Records from a data collection:
--- START ---
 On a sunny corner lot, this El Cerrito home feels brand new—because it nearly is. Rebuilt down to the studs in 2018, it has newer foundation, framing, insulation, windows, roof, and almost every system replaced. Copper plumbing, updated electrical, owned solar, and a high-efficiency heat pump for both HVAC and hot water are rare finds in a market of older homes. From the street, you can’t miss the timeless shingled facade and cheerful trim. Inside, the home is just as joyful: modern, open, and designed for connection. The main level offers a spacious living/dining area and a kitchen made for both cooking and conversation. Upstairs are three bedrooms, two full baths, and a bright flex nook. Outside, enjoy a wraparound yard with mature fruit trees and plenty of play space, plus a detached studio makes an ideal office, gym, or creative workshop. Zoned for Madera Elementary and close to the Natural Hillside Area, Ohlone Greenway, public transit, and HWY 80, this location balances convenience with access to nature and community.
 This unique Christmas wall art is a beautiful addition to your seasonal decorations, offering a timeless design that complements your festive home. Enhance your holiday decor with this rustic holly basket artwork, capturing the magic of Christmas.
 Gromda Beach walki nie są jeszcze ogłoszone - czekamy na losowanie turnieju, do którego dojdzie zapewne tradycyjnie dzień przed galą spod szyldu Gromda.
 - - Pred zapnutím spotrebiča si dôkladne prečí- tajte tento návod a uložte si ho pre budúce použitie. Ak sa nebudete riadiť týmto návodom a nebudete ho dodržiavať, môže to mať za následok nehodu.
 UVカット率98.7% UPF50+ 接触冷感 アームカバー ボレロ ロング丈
--- END ---
All lines from the one with "- - Pred zapnutím" to the end of the entries above are to be written out exactly, the first and last included.

[Exercise output]
 - - Pred zapnutím spotrebiča si dôkladne prečí- tajte tento návod a uložte si ho pre budúce použitie. Ak sa nebudete riadiť týmto návodom a nebudete ho dodržiavať, môže to mať za následok nehodu.
 UVカット率98.7% UPF50+ 接触冷感 アームカバー ボレロ ロング丈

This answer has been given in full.